# PMS like pregnancy symptoms?



## Logan's mommy (Jan 19, 2007)

Before I got my period last month I felt for 2 weeks almost certain that I was pregnant. I was nauseated, moody, sore nipples, the whole nine. Now, for the last week and a half I've felt the same way. Super moody ( I've been fighting with DH over nothing.) evey time I eat I'm sure I'm going to hurl it back up, my lower back is in agony all the time. I should have had af about a week ago, but every test I take is a BFN. Has this happened to anyone before? I feel like I"m going insane. TIA!
Elizabeth


----------



## mama2noah (Oct 31, 2007)

I am in the exact same position but I have yet to have a full ppaf my little one is 18 months and af is still a no show, but I feel your pain ( or hormones







) it's no fun being on this rollercoaster!!!


----------



## honeybee (Mar 12, 2004)

Quote:


Originally Posted by *Logan's mommy* 
Before I got my period last month I felt for 2 weeks almost certain that I was pregnant. I was nauseated, moody, sore nipples, the whole nine.
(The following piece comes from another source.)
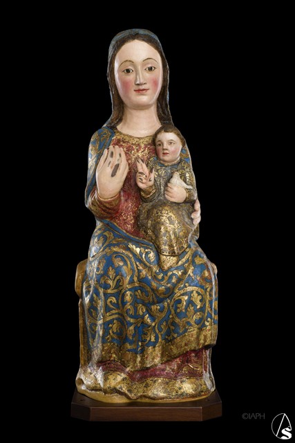 Por último, indicar que la investigación ha permitido comprobar que se conservan, al menos, tres policromías consecutivas. La hoy visible (1894), y la inmediatamente inferior, guardan el mismo cromatismo. En ambas, las vestimentas, decoradas mediante la técnica del estofado, coinciden en el color: manto azul y túnica roja en la Virgen, y gris en el Niño. Por su parte, la policromía medieval tiene un cromatismo diferente: el manto de la Virgen es rojo y la túnica azul; ambos están decorados con un pequeño dibujo.
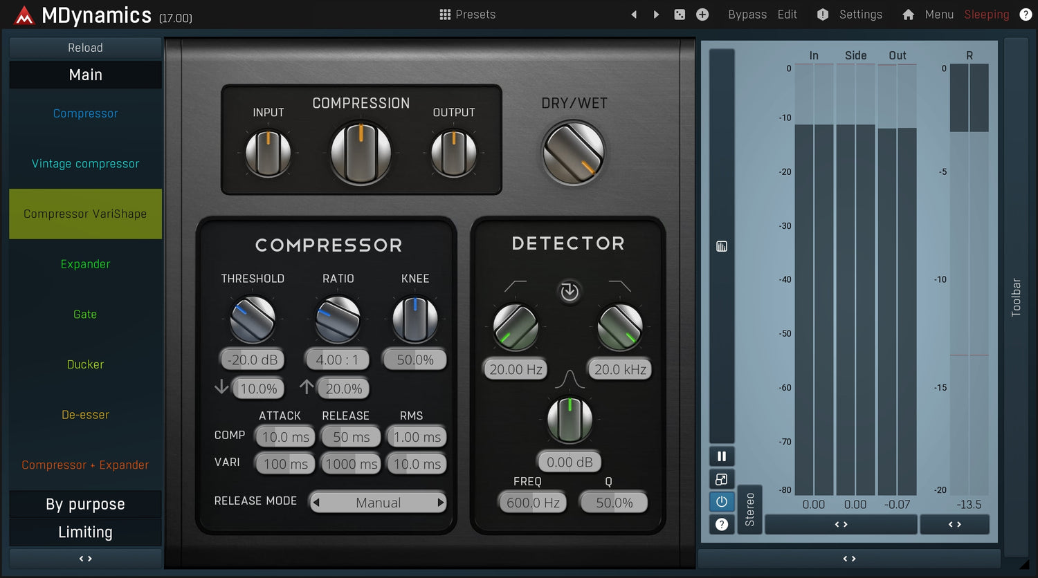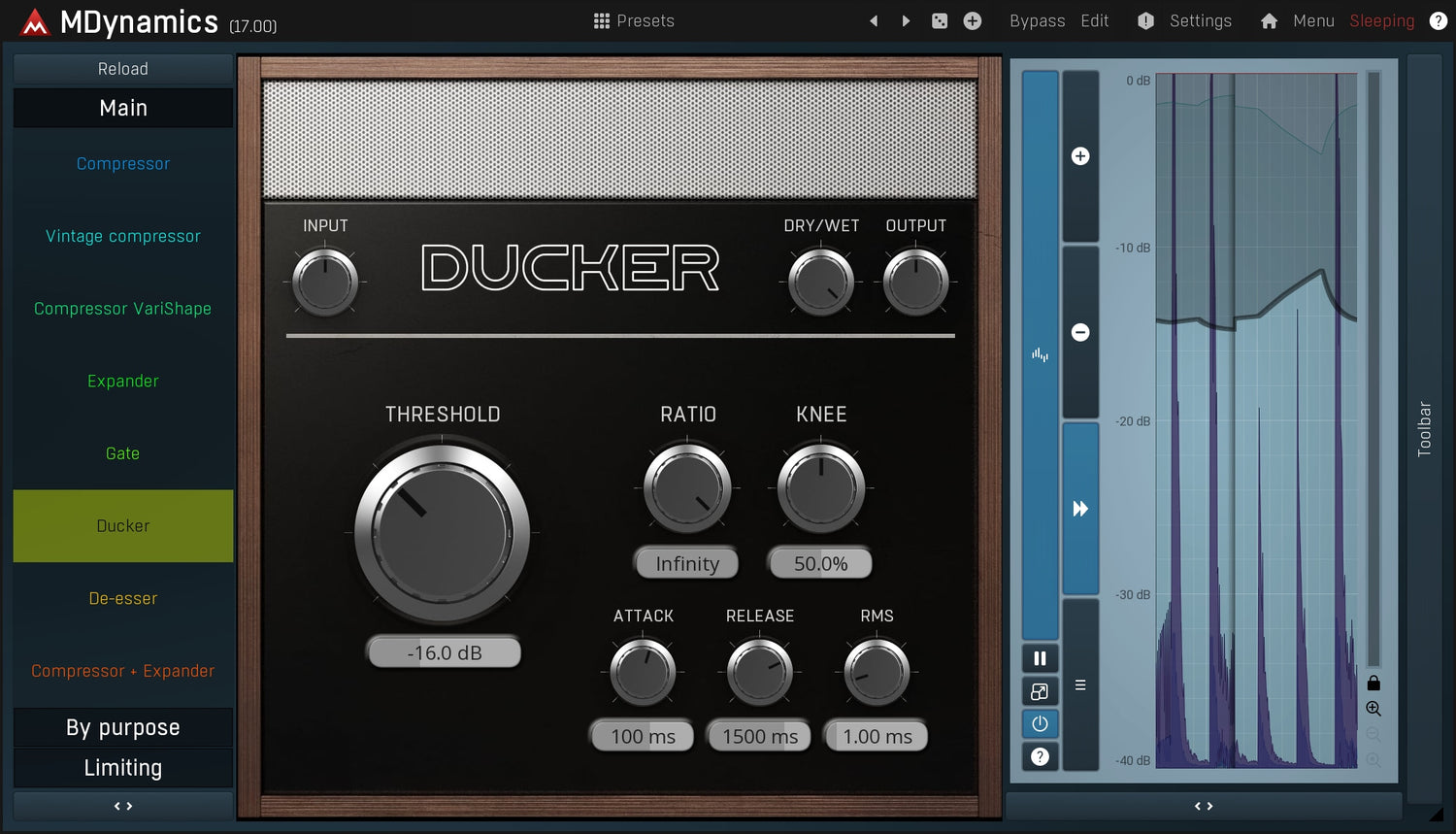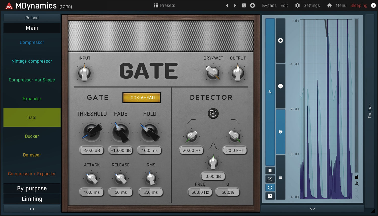 MDynamics può adattarsi a qualsiasi materiale audio grazie al suo estremamente versatile follower di inviluppo che presenta modalità di rilascio automatico, mantenimento del picco, lunghezza RMS, look-ahead, pre-filtraggio psicoacustico, forme personalizzate di attacco e rilascio, levigatura spettrale e molto altro ancora.

Yes! The exact thing happened to me this cycle, too.

Quote:

Now, for the last week and a half I've felt the same way. Super moody ( I've been fighting with DH over nothing.) evey time I eat I'm sure I'm going to hurl it back up, my lower back is in agony all the time. I should have had af about a week ago, but every test I take is a BFN. Has this happened to anyone before? I feel like I"m going insane. TIA!
Elizabeth
I finally took a pg test, which was also a BFN, and then started my period that same day. AF was much shorter and lighter than usual, though, and I was still feeling pg, so I took another test about 12 days later and it was still a BFN. I started charting right after AF arrived, and all my temps were low, and then I got the temp shift signaling ovulation. But, this whole month I've had lower back pain and abdomen cramping that I usually only feel during AF. Then other times, I feel nauseous if I don't eat regularly, or don't get enough protein.







:

So, I understand how you feel. I was pretty sure I was pg until I started charting and saw the definite fertile pattern appear.









But, your case sounds like you could've just ovulated later than normal and it's just too soon to catch the hcg hormones.


----------



## Logan's mommy (Jan 19, 2007)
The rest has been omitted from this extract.